BP: What it did was give us an authenticity because the history is tangible and you are reminded of the Third Reich and what happened after that, when most of the Nazis’ became the Stasi, the secret police of a new regime. So you are reminded of that always.  You are mixing with people whose fathers and forefathers were involved in those.

Sophie, in the film Liesel develops a strong friendship with Max.  What is your best friend like?

SN: Well, my best friend is a gymnast I used to train with. I like her so much and I like my friends so much because they do not treat me in a different way just because I am an actress. Some of my friends I have known since I was in third grade.  It’s been five years that I have known them. It’s not because I do an American movie that I am different. Obviously, when I walk into school people look at me, but my friends just accept me and don’t do anything special because of the movies. My friend is not into popularity when she is watching the movie. She will be like, ‘Who is that? Is that a boy or girl?’ And she will be speaking in the theater! I’m like, ‘You can’t say that.’ These are always going to be my friends. I don’t want you to be my friend because I am famous, but just who I am.

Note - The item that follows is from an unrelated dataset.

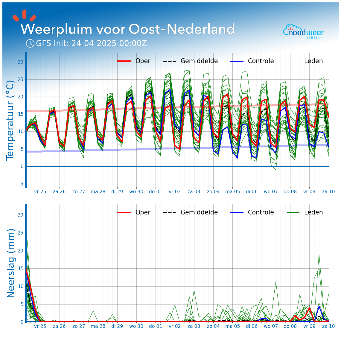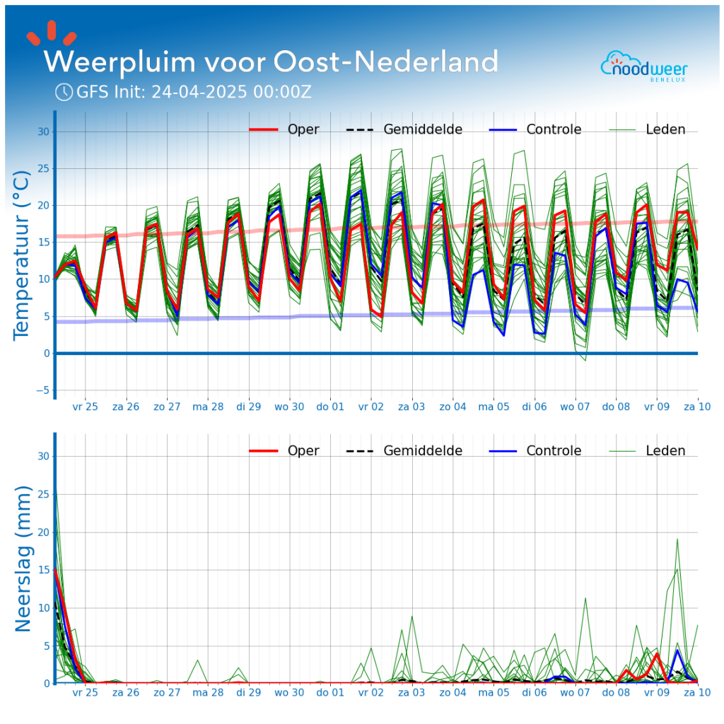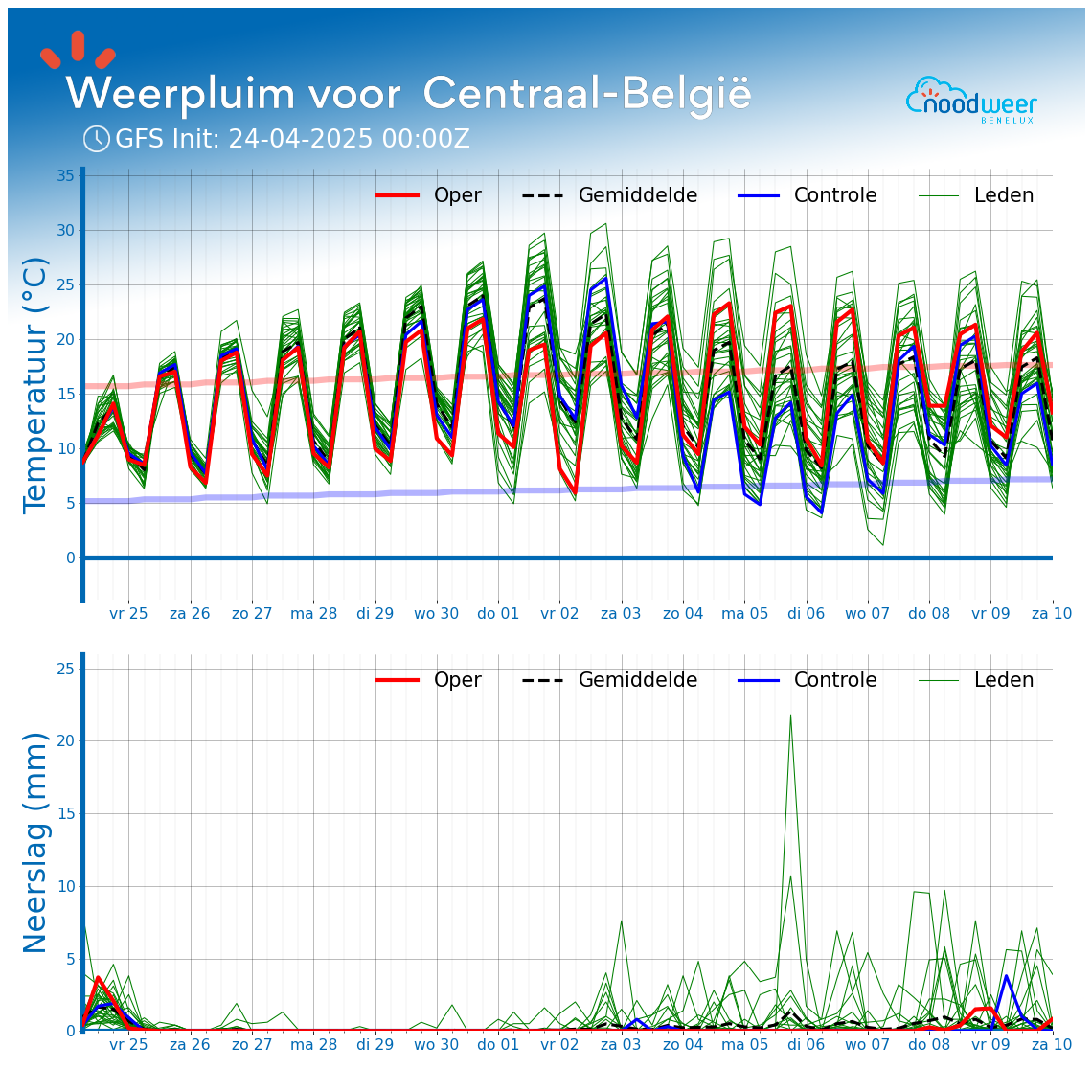 Hier is de weerpluim op basis van de maximumtemperaturen. Ik neem er even 1 mei uit, daar ligt het gemiddelde inderdaad lager, maar er is evenzeer ondersteuning voor de warme optie van EPS. Al bij al zijn de pluimen vrij gelijkaardig (stijging temperatuur), alleen blijft er een noordoostcomponent inzitten (GFS) of niet, want dat zorgt voor de "grote" verschillen. In Centraal-België gaat het gemiddelde wel gewoon richting 25°C, dus dat toont die noordoostelijke invloed wel aan. En oh ja, qua neerslag zijn er wel voldoende gelijkenissen

You also have a lot of vulnerability onscreen and are able to freely let your emotions come out. It might be hard to articulate, but how does that happen for you?

It’s special, because most actors I think feel emotions onscreen.  But I don’t at all. In anything I do, I don’t feel anything. I never have any feeling. When I have to cry, I think of something sad. But when I am actually doing the scenes, I can be thinking of the most ridiculous things—like what I ate yesterday, or what I have to do tonight for school.